So *that's* why the old books always called thermal noise in vacuum valves "shot noise". Very very cool.
Thanks much,
Chris
Yes the original notion of "shot noise" was based on the particulate nature of charge carriers, after the electron was discovered, and the idea that they slammed into plates and the way that this represented a noise when they were completely uncorrelated and had a small finite charge per particle. A great IRE review article from the late Bernard Oliver and reprinted elsewhere in at least two books is probably accessible online: Thermal and Quantum Noise.
I don't know the etymology for certain, but I'd heard that the "shot" nomenclature was based on very small number of particles phenomena and not named after the first to produce an account of it, Walter Schottky (at least he gets a type of diode named after him). See the very good wiki: Shot noise - Wikipedia, the free encyclopedia 😀
Please excuse me double checking this point . . .
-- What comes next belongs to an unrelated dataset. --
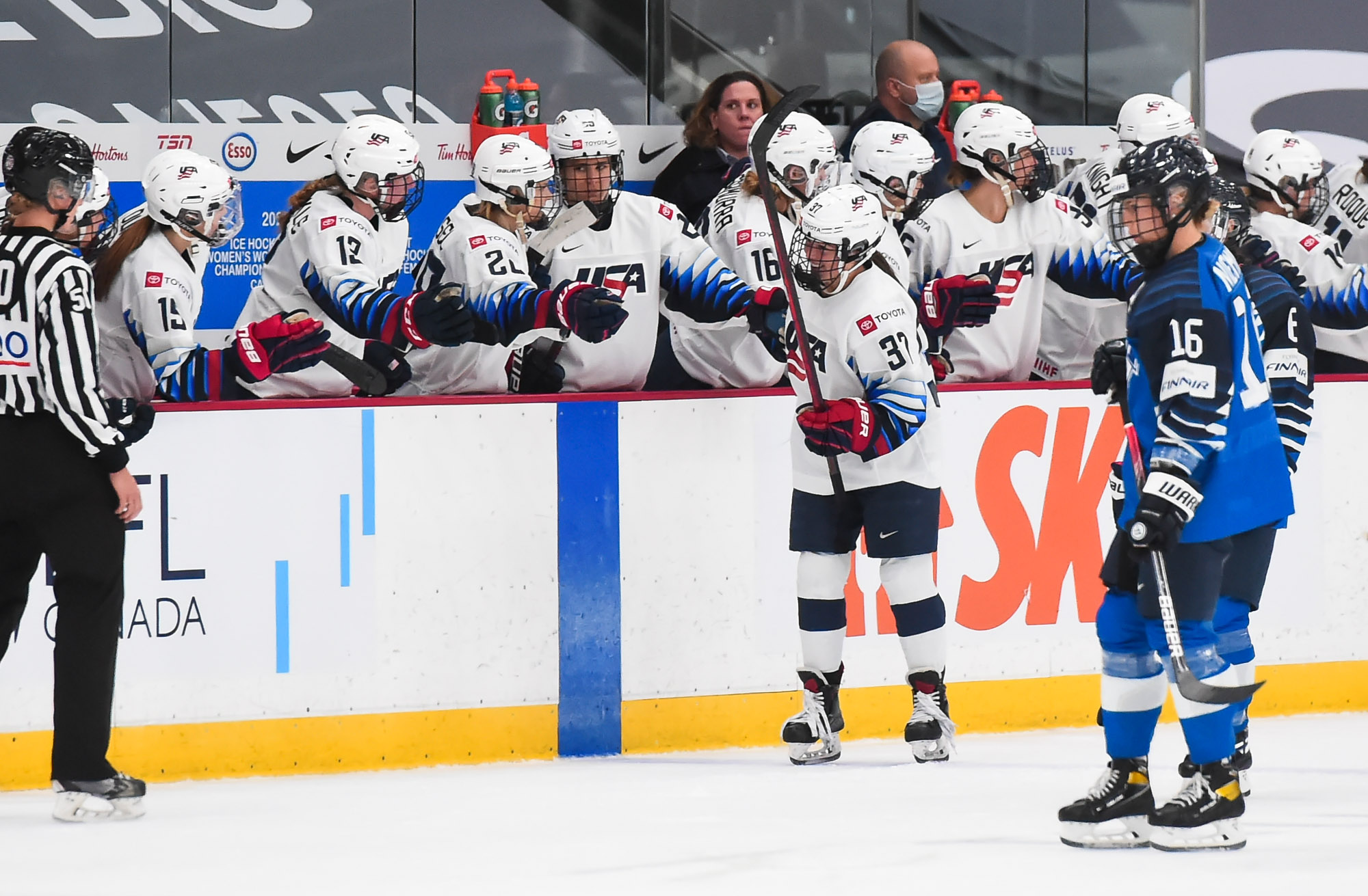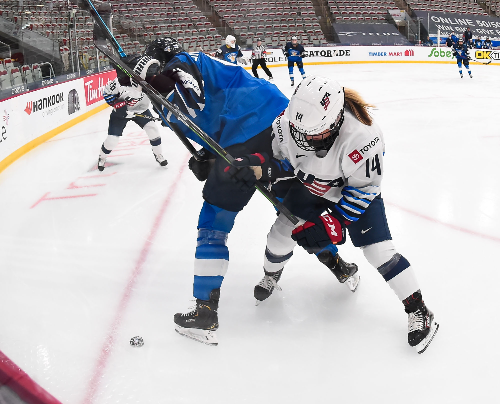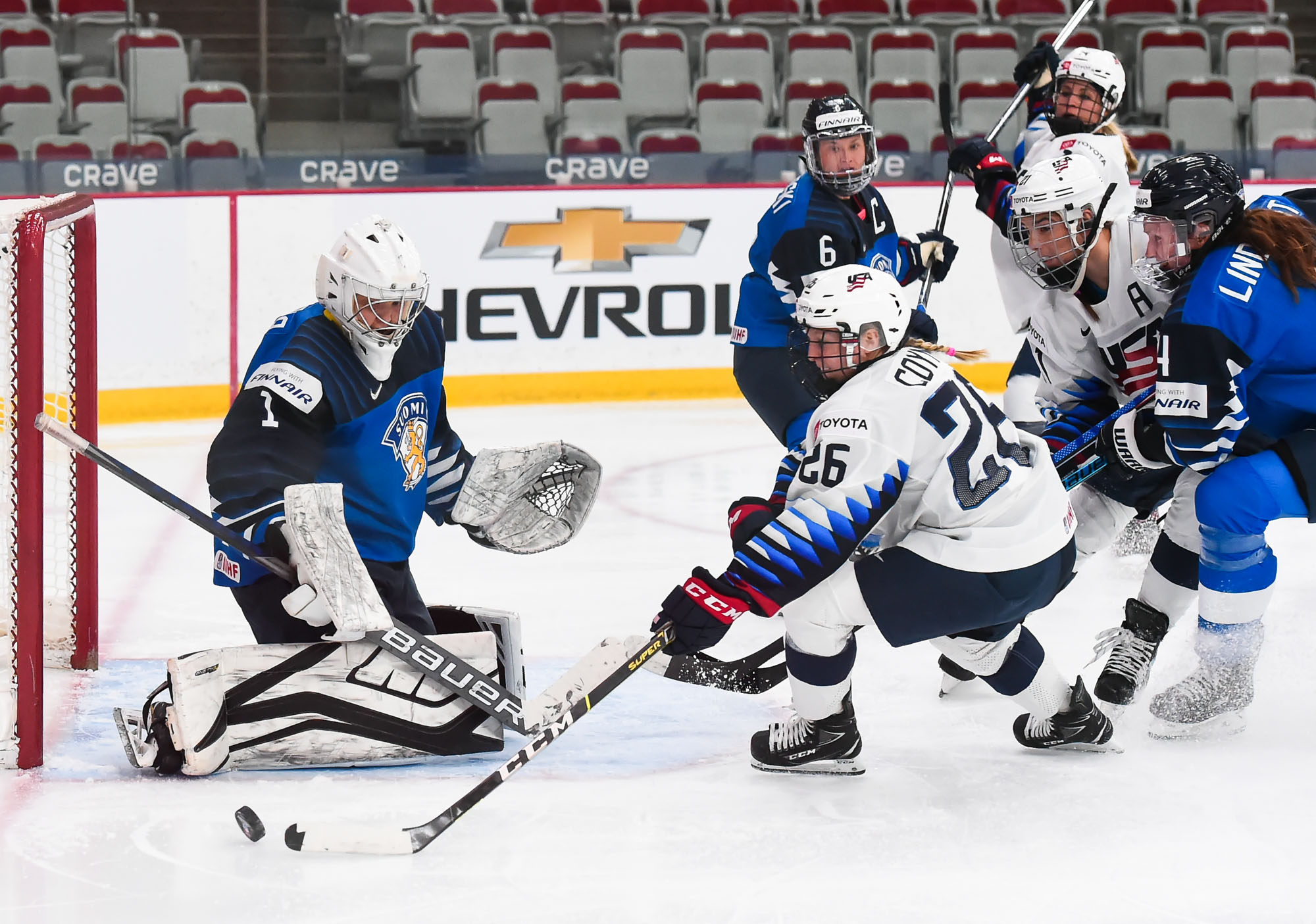 The U.S. applied heavy pressure in the Finnish zone en route to a 3-0 semi-final victory at the 2021 IIHF Ice Hockey Women's World Championship in Calgary.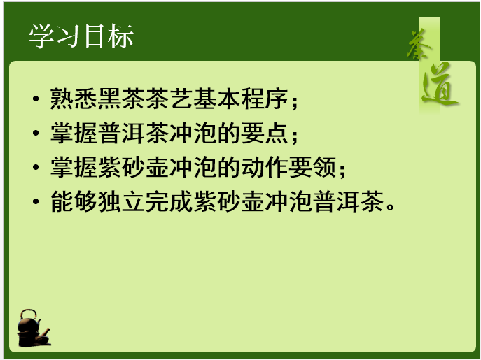 1备器迎客 2倾茶入荷 3鉴赏佳茗 4温壶烫盏 5普洱入宫 6润茶洗尘 7游龙戏水 8淋壶增温 9出汤入壶 10普降甘霖

Are we saying for definite, that even after the signal ( and noise ) has been stepped down by the o/p transformer, that the noise levels of a typical top quality valve amp are greater than a typical top quality SS amp ?
Are we saying for definite, that even after the signal ( and noise ) has been stepped down by the o/p transformer, that the noise levels of a typical top quality valve amp are greater than a typical top quality SS amp ?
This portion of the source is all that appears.